SpotX runs thousands of auction servers that generate terabytes of reporting data on a daily basis. The quality and integrity of our data is critically important for our customers as it plays a key role in making business decisions. Reporting revenue data with an accuracy to the nearest penny is crucial for publishers while advertisers need quality data to improve their planning capabilities and campaign efficiency via our forecasting application.
When dealing with huge volumes of time-critical data this issue of quality becomes ever more important. But how do you gain the confidence to trust your data at this massive scale? As a data team within SpotX, that’s exactly what we were tasked to do.
Overview of data at SpotX
At SpotX, our modern data pipeline, shown simplified below, consists of technologies such as Apache Kafka, Spark, and Druid backed by our Hadoop cluster. These scalable technologies help us to process many events in both a batch and real-time manner to generate reports and power dashboards for downstream consumers. For example, in a typical day we process billions of markets.
One situation we wish to avoid is the manual discovery of data issues several hours after processing. One such issue could be writing multiple copies of the same data. Hence, this blog post talks about how we introduced a tool, Deequ, at SpotX to test the quality of our data at a stage in our pipeline.
What is Deequ and how does it help?
Deequ is an open source library developed at AWS that is built on top of Apache Spark for defining “unit tests for data.” You define constraints on your data (such as values in a column can’t be null) and Deequ will compute the metrics needed to verify this constraint. Example metrics are given below:
- Completeness – the fraction of non-null values in a column
- ApproxCountDistinct – the approximate count of unique values in a column using a hyperloglog algorithm
Deequ then outputs the degree to which your constraints held on the data.
The declarative nature of Deequ lets you focus on describing how your data should look as opposed to writing the underlying checks.
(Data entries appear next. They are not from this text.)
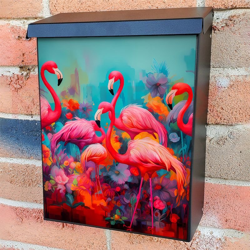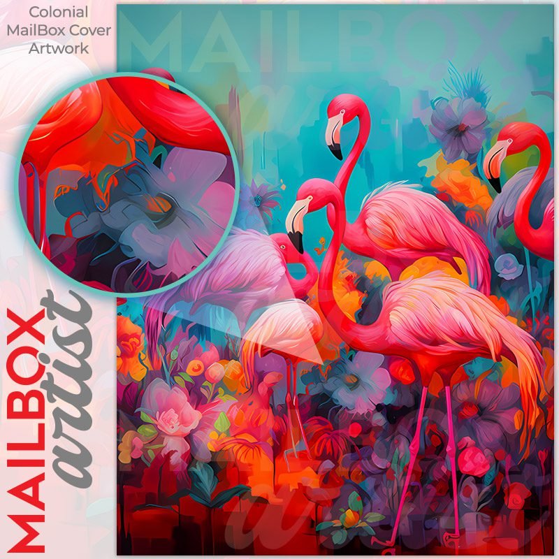 With this Pink Summer Flamingos colonial mailbox cover it’s pretty easy to convert your mailbox to a special and unique item. These covers require a flat surface, so they work with colonial mailboxes that do not have any embossed decoration or signs. Magnetic mailbox covers work with steel colonial boxes only, while self-adhesive vinyl covers are available for aluminum, plastic and steel boxes. We also offer both self-adhesive and magnetic covers with regular opaque white vinyl or reflective vinyl, which works similarly to license plates or road signs. The reflective option makes the entire cover’s surface reflective, ensuring visibility at night. In case your mailbox doesn’t work with these covers, you can purchase the preinstalled cover on a brand new mailbox as well. Also, you can create your custom colonial mailbox cover using you own pictures, adding your name, street number, etc.
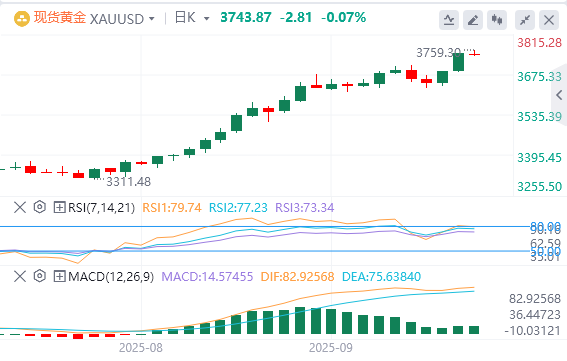 现货黄金日内大涨超60美元,并将历史新高刷新至3740美元上方,截至目前,黄金报价3743.87。
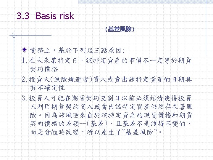 The Basis 基差 基差是期貨價格與現貨價格的差距 Bais=Spot price of asset to be hedged – Futures price of contract used →基差(B)=現貨價格(S)-期貨契約價格(F)
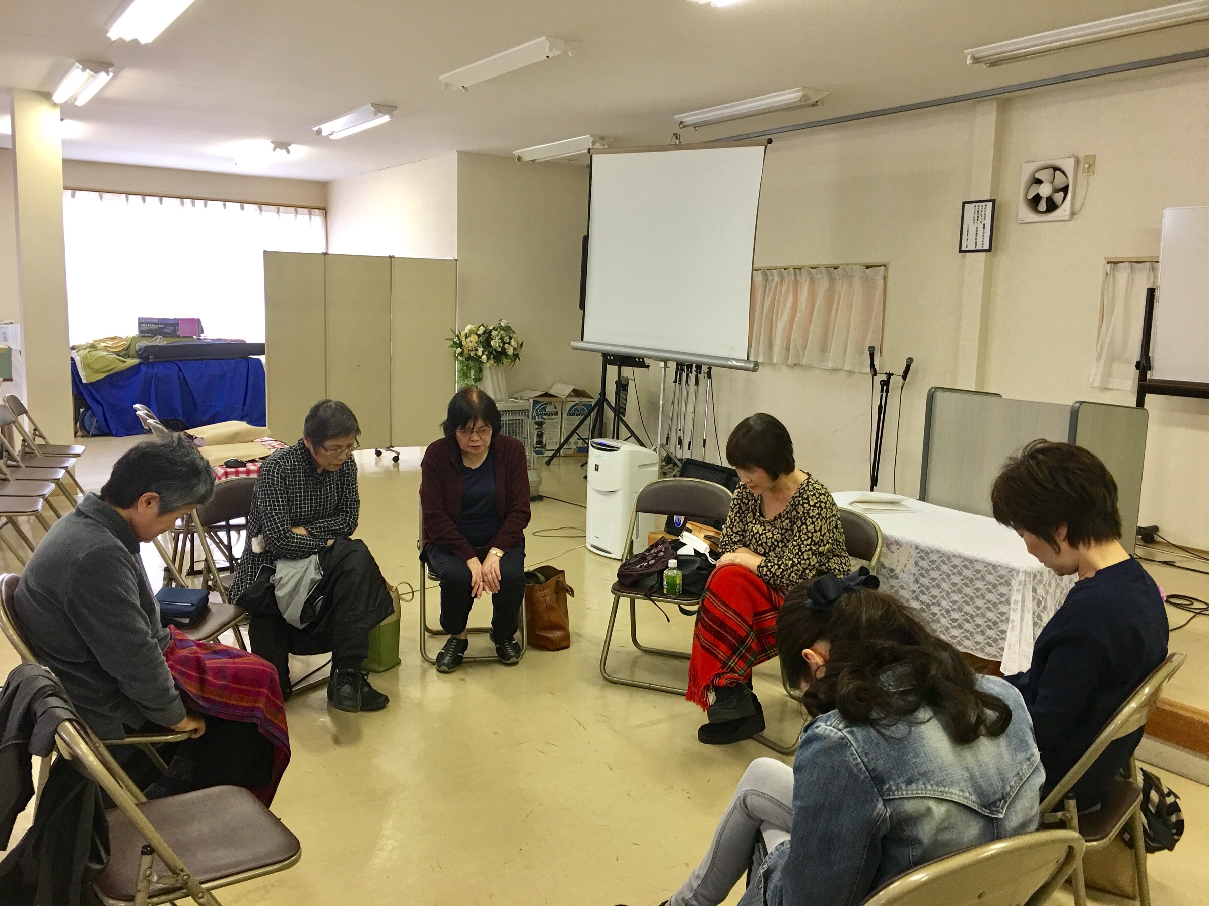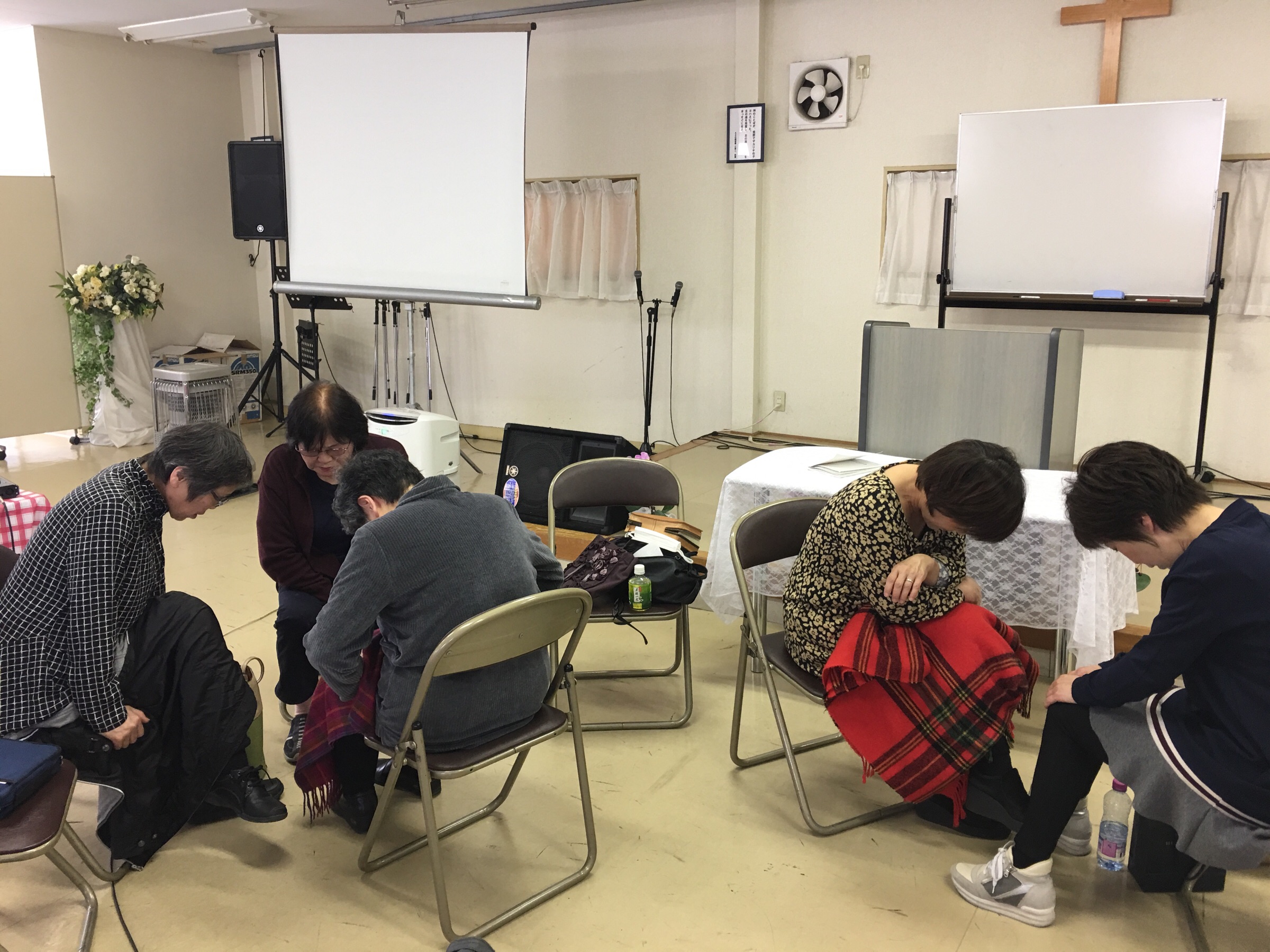 2、3人に分かれて、それぞれの為のお祈りをしています。 四日市 Chikumi
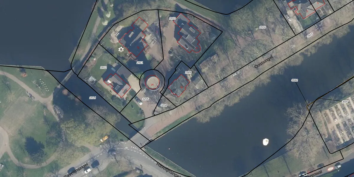 Oostsingel 1-B is gelegen op kadastraal perceel WDN01C2909. Deze kadastrale aanduiding is uniek en wordt gebruikt door het Kadaster om eigendomsrechten en andere zakelijke rechten vast te leggen. Het perceel maakt onderdeel uit van de kadastrale gemeente Woerden.
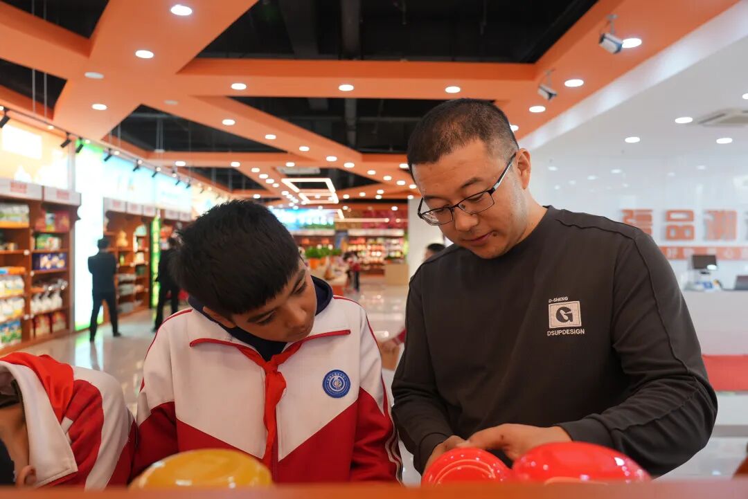 瑶池甄选展销中心工作人员向在场师生介绍,这里汇集了全疆11大类、300多种优质特产,是阜康市全域电商发展的核心平台,也是展示新疆特色、助力本地产业发展的重要窗口,并带领孩子们走进有机农产品、手工艺品等展区,讲解阜康本土及全疆特色产品的生长环境、产地特点和加工过程。孩子们手持研学任务卡,一边认真听、一边仔细记,对照任务要求打卡记录产品信息,还不时和同伴交流自己的发现。展区里,新鲜的葡萄干、核桃等初级农产品,与包装精美的深加工成品摆放在一起,直观的对比,让孩子们一下子就明白了“产业升级”的简单含义,全程师生文明有序,展现出良好的精神风貌。
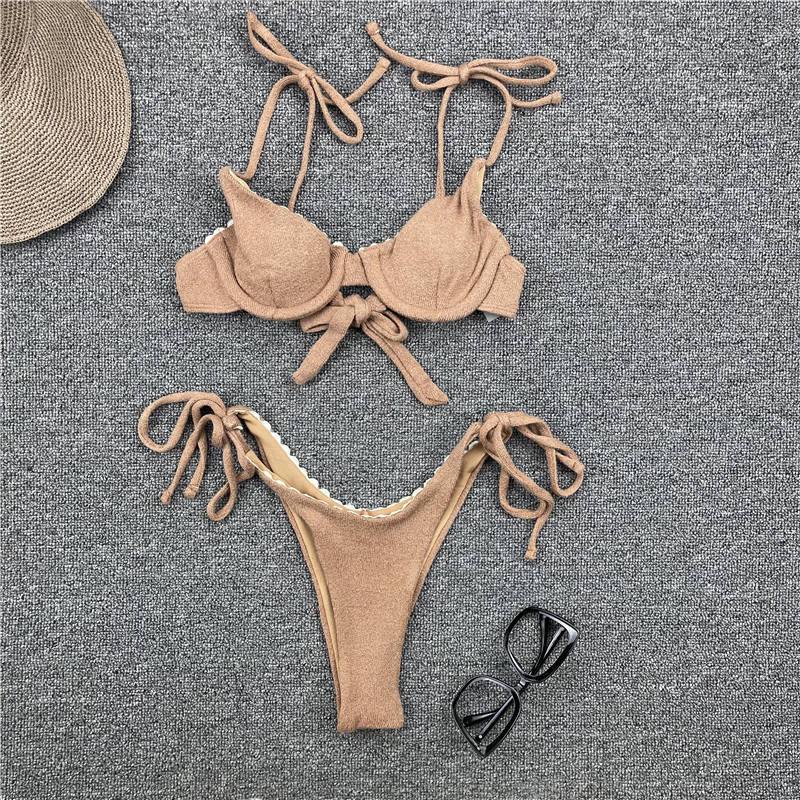 Elevate your beach look with this charming Nude Bikini, a stylish two-piece ensemble with a touch of flair. Crafted in a soothing nude hue, this bikini exudes summertime charm. The bottoms feature strings at the sides, adding a playful detail to the classic design. With its adjustable fit and comfortable style, it's perfect for lounging by the pool or catching waves at the beach. Dive into relaxation and style with this delightful nude bikini.
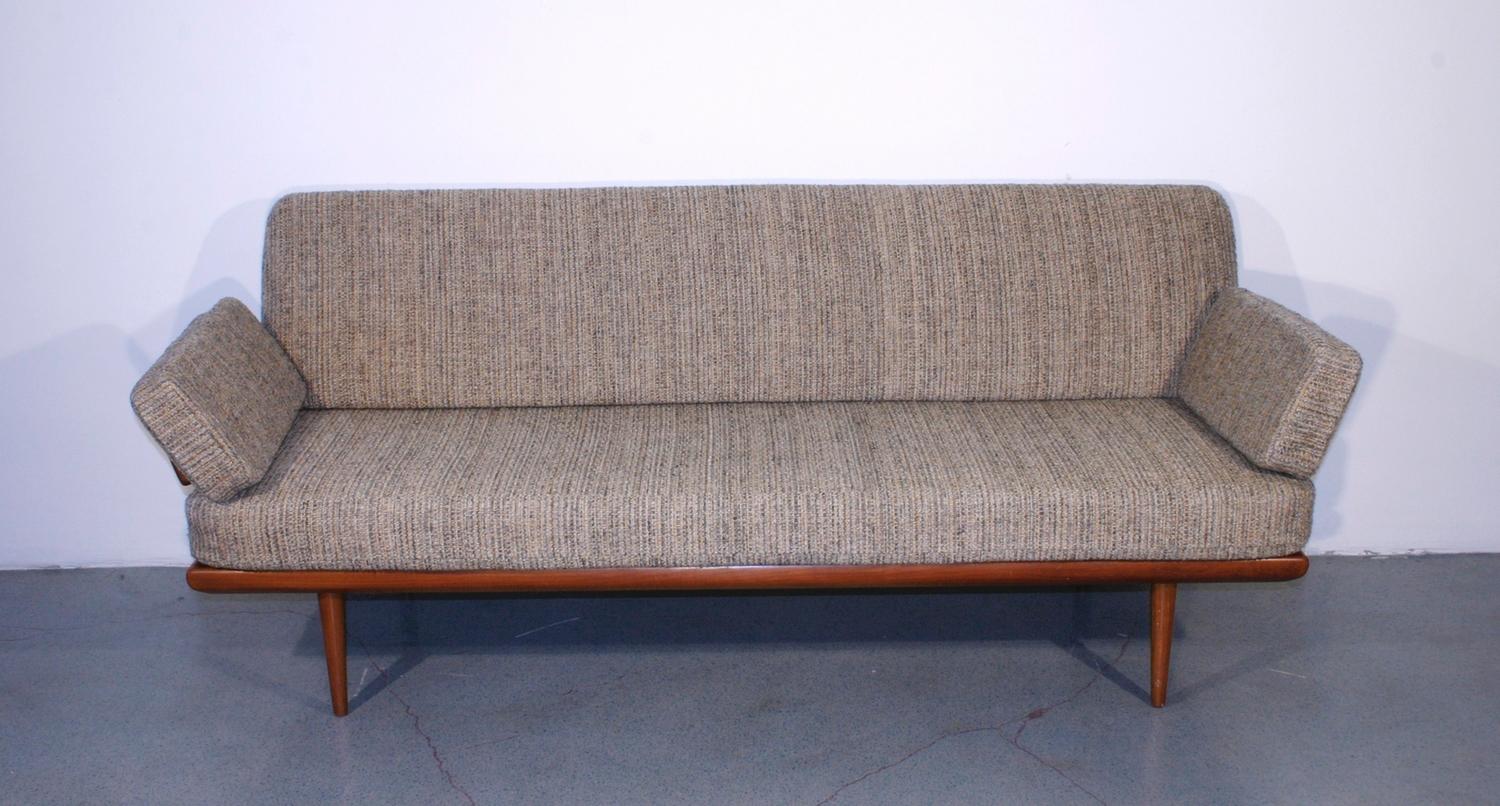 33h x 82w x 30d x 17h seat inches, teak, beige fabric, chrome

It is also possible for constraints to be suggested by letting Deequ profile your data. Deequ scales up to datasets with millions of rows easily since it is written on top of Apache Spark and is designed to perform as few passes as necessary over the data. An overview is shown below. The variety of checks, ease when developing and scalable nature are the reasons why we opted to use Deequ at SpotX.
Where Deequ fits in at SpotX
As part of our data pipeline, we run a Spark application that joins streams of market information (such as bid prices) and events (such as a user clicking on an ad) coming out of our auction process, performs some aggregations, and writes to Hive tables before being ingested into Druid. It is vital that the output of this job is correct so we use Deequ to test the data quality. Here is a sample of the checks we perform on our data.
We incorporated Deequ into our pipeline to run after this batch job has finished processing its hour of data. Our Deequ application computes metrics for hundreds of constraints we defined over hundreds of millions of rows of data, taking approximately 15 minutes to finish. If any constraints are not met then we will be alerted, allowing us to investigate in near real time and fix the data before consumers are affected.
One data issue that Deequ brought to our attention was a certain column had values outside of its expected allowed values. We raised this issue with upstream development teams which were able to investigate further. This shows the power of automated checks since this issue was discovered in one row out of forty million rows for that hour of data.
In addition to using constraints with lower and upper ranges we plan to make use of Deequ’s anomaly detection feature which allows us to check how a metric is changing over time. For example, we can specify the maximum rate that the number of rows in a table should grow by from one hour to the next. If this rate is exceeded then Deequ will mark that constraint as failed.
To sum up, incorporating automated data quality checks into our pipeline has:
- Improved our confidence in its outputs, especially after an upstream release;
- Given us visibility into data issues before consumers are affected; and
- Brought the quality of data to the forefront while developing.
About the author
Adam Welsh is a Software Engineer at SpotX, working within a big data team based in Belfast, helping to develop and maintain a data pipeline. He is a contributor to the Apache Airflow and Apache Druid projects. Outside of work, Adam enjoys playing board games, baking and learning how to ride his unicycle.